Abro la puerta y observo con detalle las especies que lo habitan. Busco con urgencia, como haría un fanático ornitólogo con alguna rara especie de ave. En mi caso busco con furor todas las cacerolas que poseo. Doy con ellas, no es difícil, los armarios no son más grandes que una tira de buzones.

Al tomarlas les miro el culo, el mango, los tornillos que como garrapatas ensamblan las piezas para que las operaciones sean lo más favorables posibles al usuario. Al momento las deposito sobre la encimera y empiezo a barruntar en mi cabeza cual podría ser la cacerola de derechas y cuál la de izquierdas. Reparo con torpeza en que tenía que haberme documentado sobre las caceroladas previas, haber observado con avidez la morfología de las mismas y la tipología del tipo o la tipa que las aferraban en los balcones.

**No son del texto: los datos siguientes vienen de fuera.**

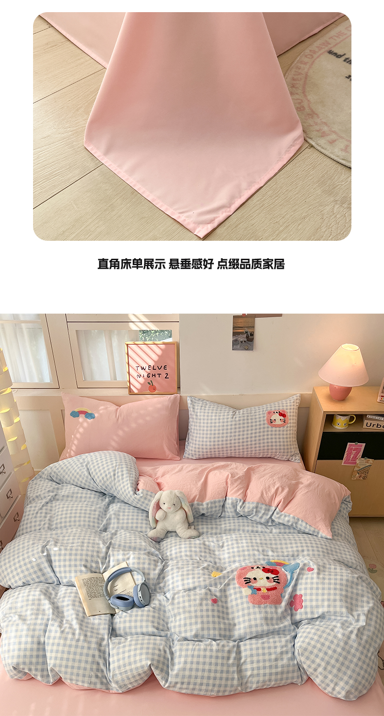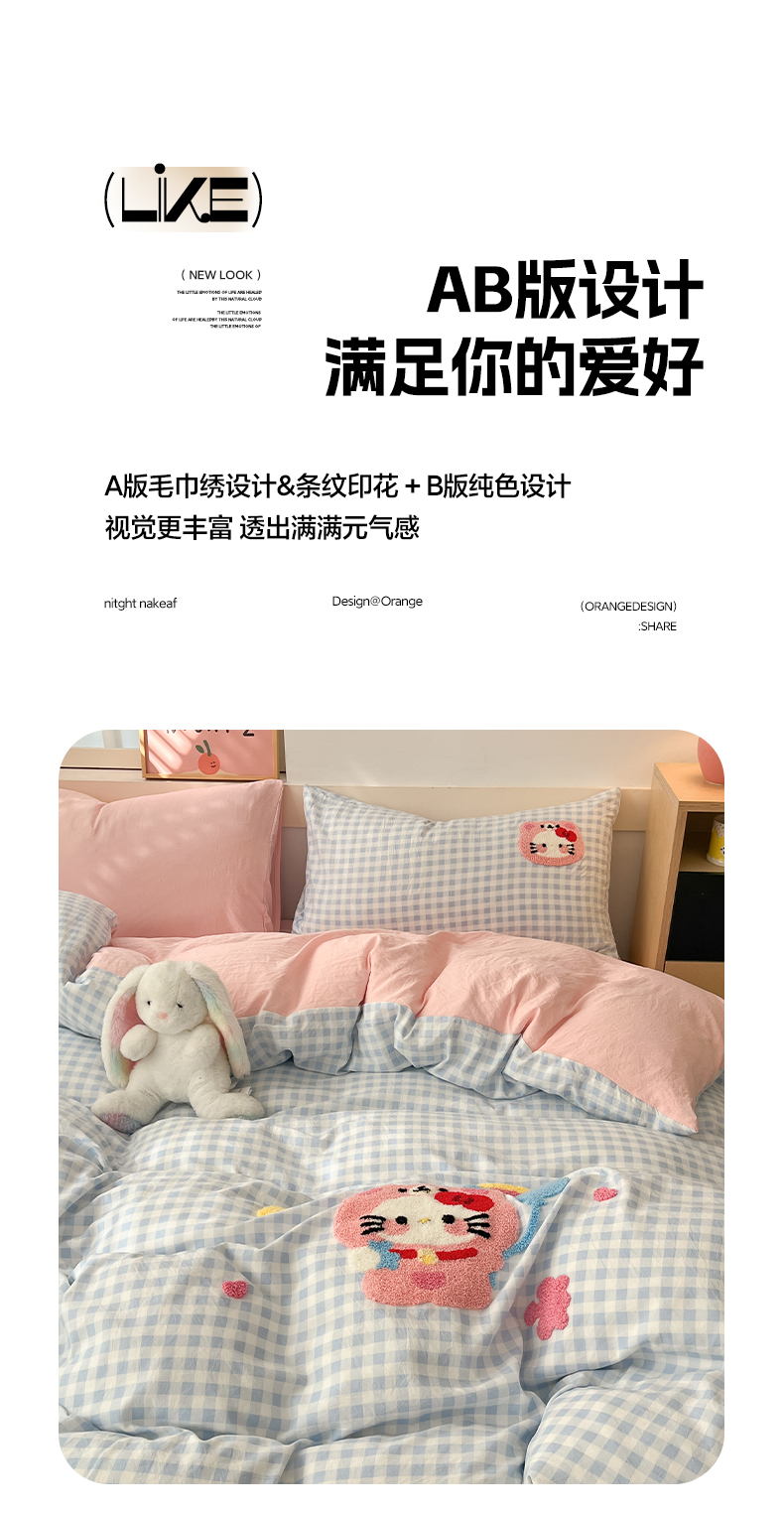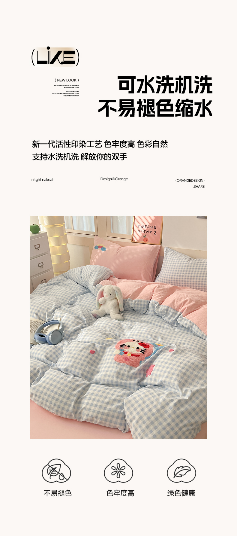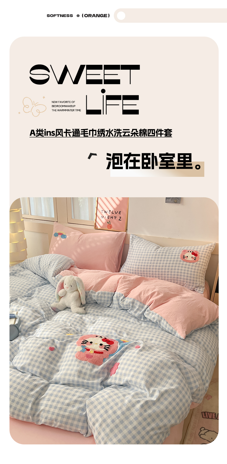 商品名称:如一 2025新款A类ins风卡通毛巾绣水洗棉四件套 小花猫
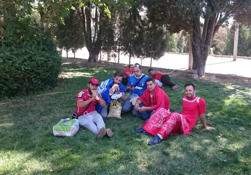 * در داخل ورزشگاه هواداران زیادی مشغول صرف ناهار روی چمن‌ها هستند.
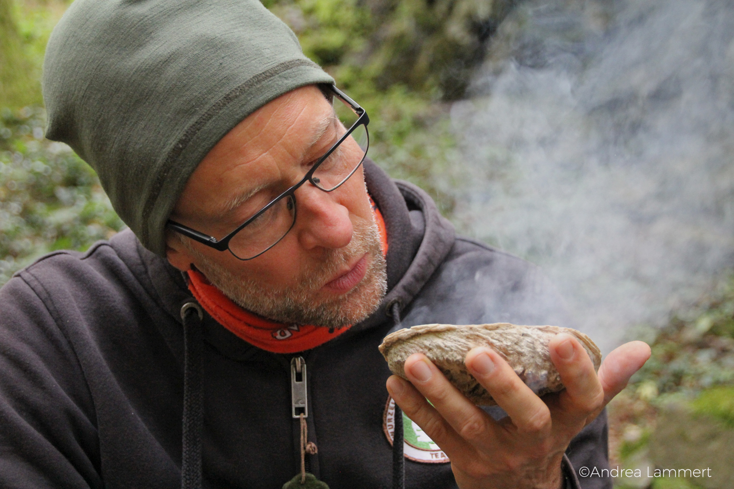 Es ist schon spät und dunkel, wir sitzen noch am Feuer. Eigentlich fallen mir schon die Augen zu, doch es heißt weiterarbeiten, denn wir haben noch kein Gefäß, um unser Wasser abzukochen. Abkochen ist immer besser als aus der Quelle zu trinken, man weiß schließlich nie, ob nicht doch ein totes Tier dort drin gelegen hat oder irgendwelche Keime sich im Wasser verstecken. Dazu sägen wir dicke Äste zu. Darein geben wir dann ein Stück unserer Kohle aus dem Feuer und warten, bis sie ein Loch in den Ast gefressen hat. Das schnitzen wir weg und geben ein neues Stück Kohle hinzu – bis wir eine Schale, Tasse oder einen kleinen Behälter haben. Ich allerdings verbrenne mir schon gleich am Anfang die Hände und gebe auf, wie mein Sohn auch, der ganz müde in den Schlafsack kriecht. Einige der Teilnehmer aber schaffen es ein Stück weit, ein Gefäß zu erschaffen. Doch das ist wie alles draußen, Geduldssache und zum Wasserkochen reicht sie noch lange nicht. Axel holt nun eine Blechtasse, holt Kieselsteine aus dem Feuer, gibt sie ins Wasser und wartet, bis sie es zum sieden bringen. „Auf diese Weise könnt Ihr Euer Wasser unterwegs kochen, es sollte aber 15 Minuten sprudeln und dafür braucht Ihr viele, heiße Steine.“ Kochen ohne Herd – wie praktisch, dann hab ich das auch gleich gelernt.
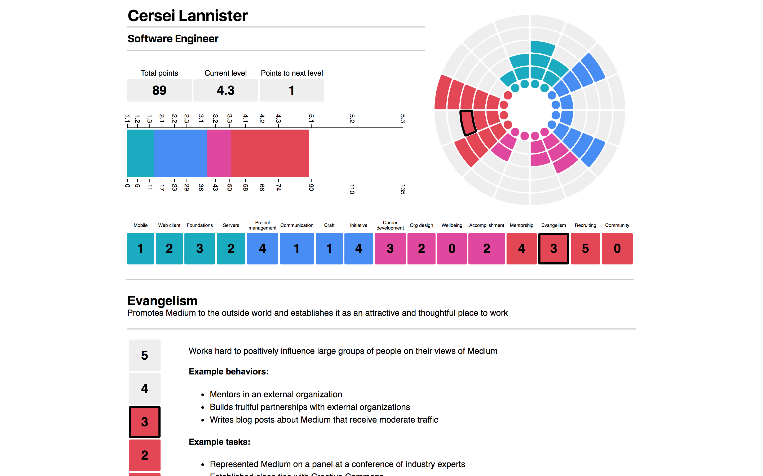 Snowflake is Medium's tool for planning and supporting our engineers' career development. You can read more about how we use this tool in our growth framework documentation. Our growth tool is hosted publicly.
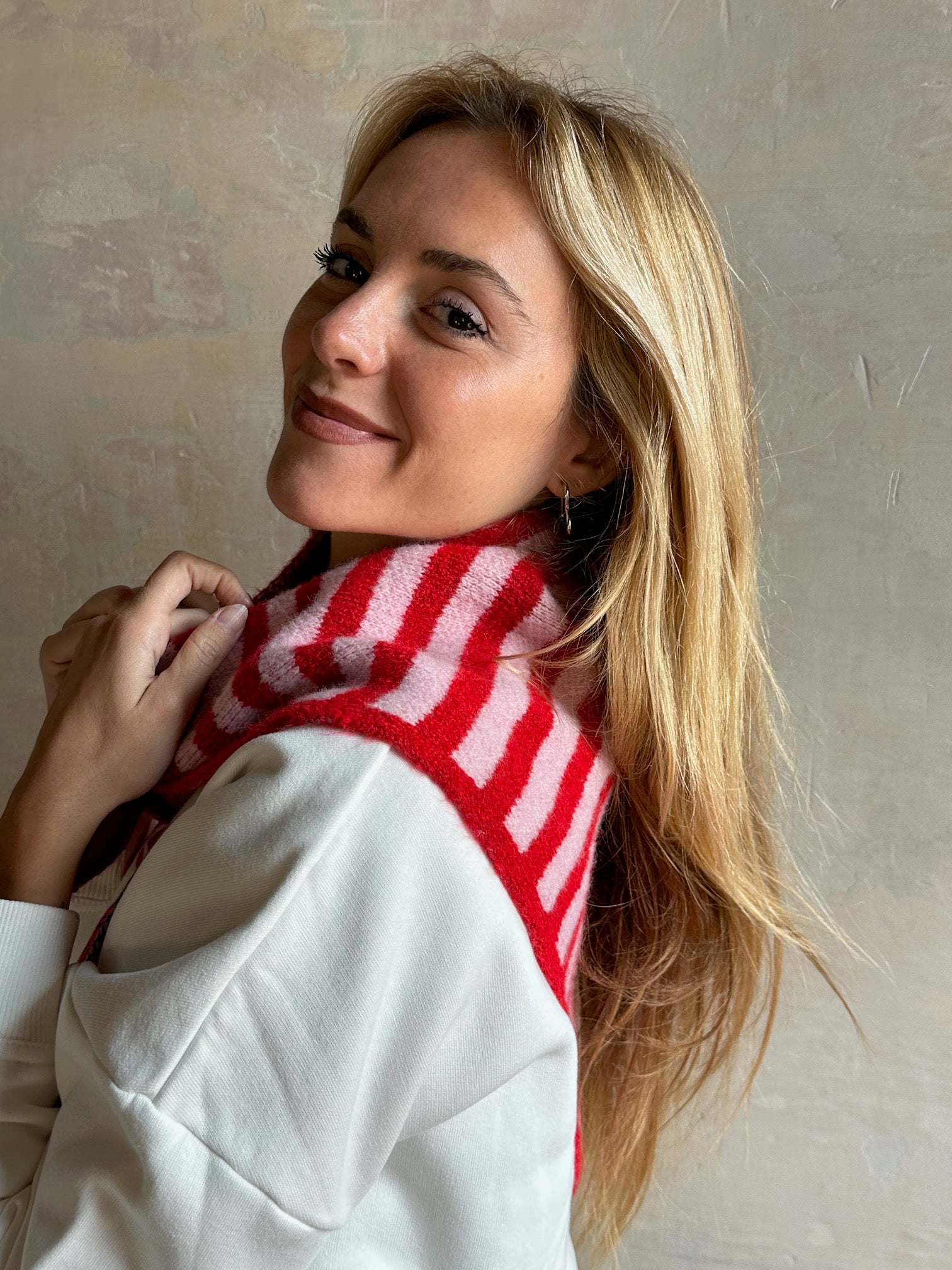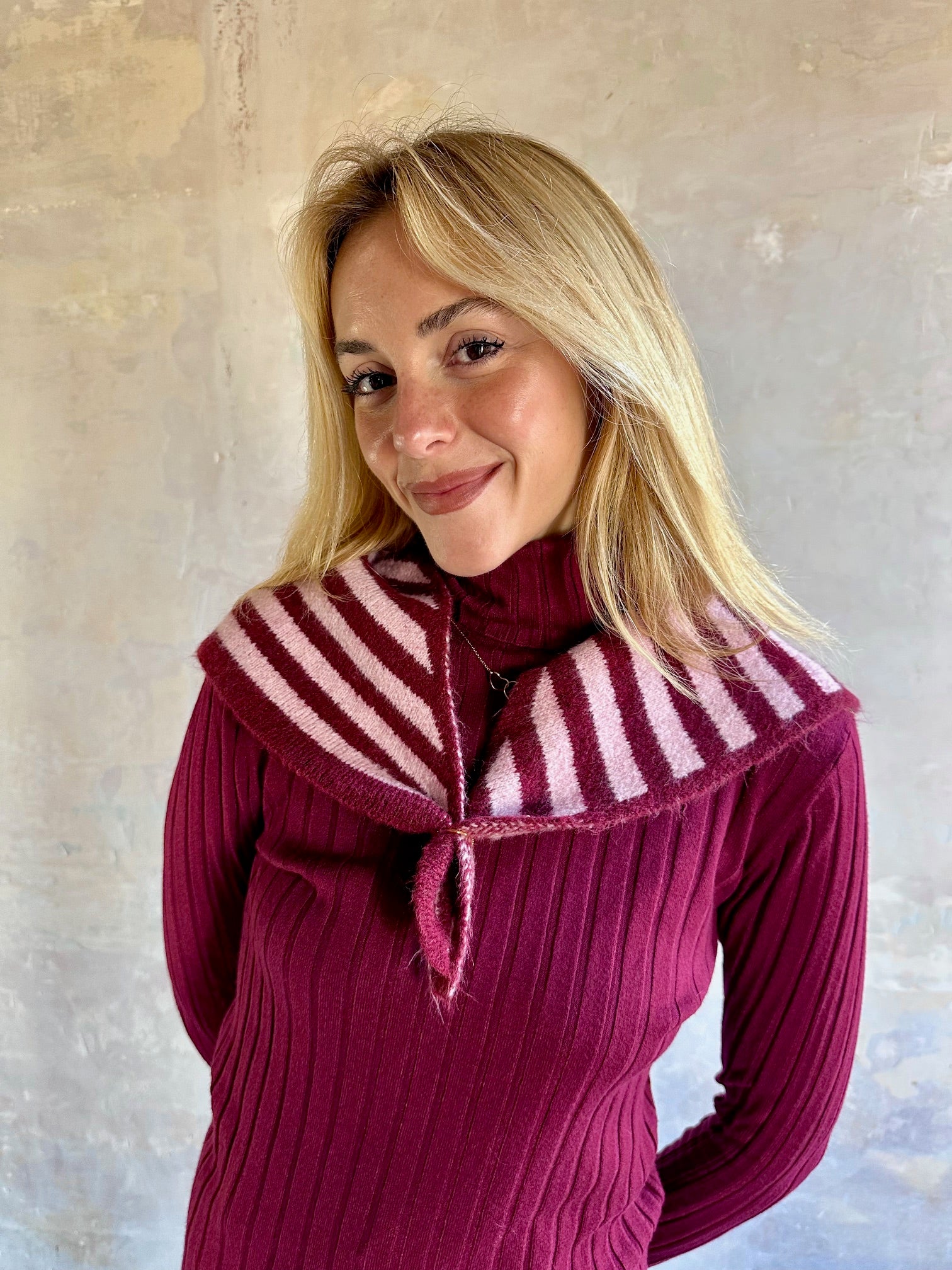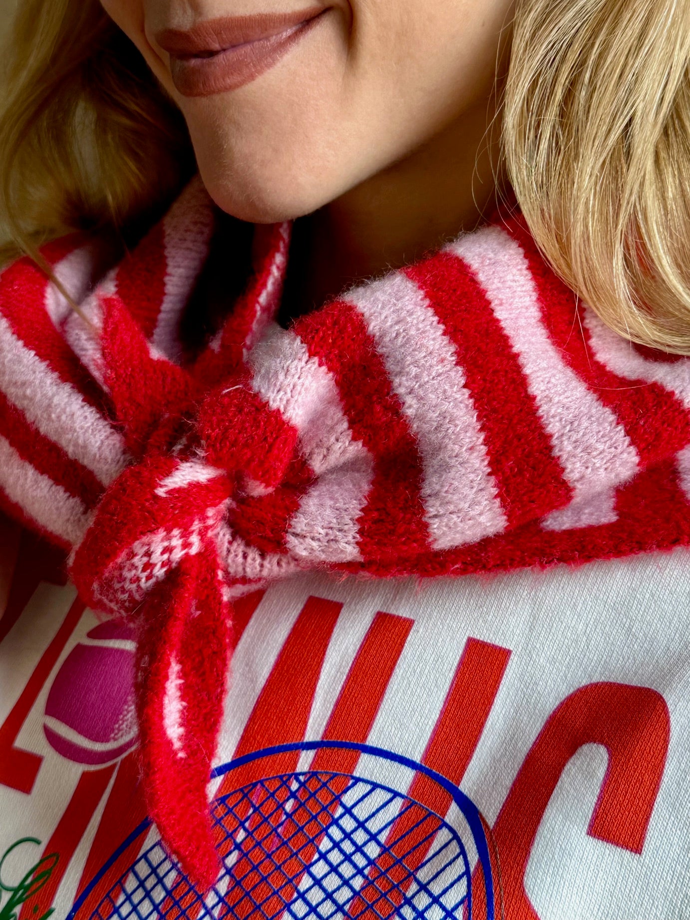 Bandana de diseño triangular confeccionada en mezcla de tejidos.

Nada que hacer, puesto que las imágenes son escasas y ocurren ya entrada la noche.

Me digo en voz alta de volver a colocarlas, me ha entrado hambre con solo de verlas. Me sugieren guisos sabrosos a fuego lento. Medito si el marmitako es o no propiamente nacionalista, también, si la porrusalda puede tener un atisbo religioso cristiano romano y si el rabo de toro podría sesgarse hacía orillas demasiado bien conservadas. La verdad es que estoy pensando seriamente en estos días de reclusión extensa llevar a cabo algún vademécum sobre gastronomía política y social. Lo malo es que habrá que tener cuidado con el régimen.

Por el momento decido quedarme con los aplausos a esa gente que está al frente, como los papiones, que en fila derrotan al hambriento leopardo, mientras las hembras y jóvenes esperan en los árboles. Y por supuesto ya he decidido que cacerola usar cuando la cague una y otra vez. No me cabe una paellera en mis aposentos.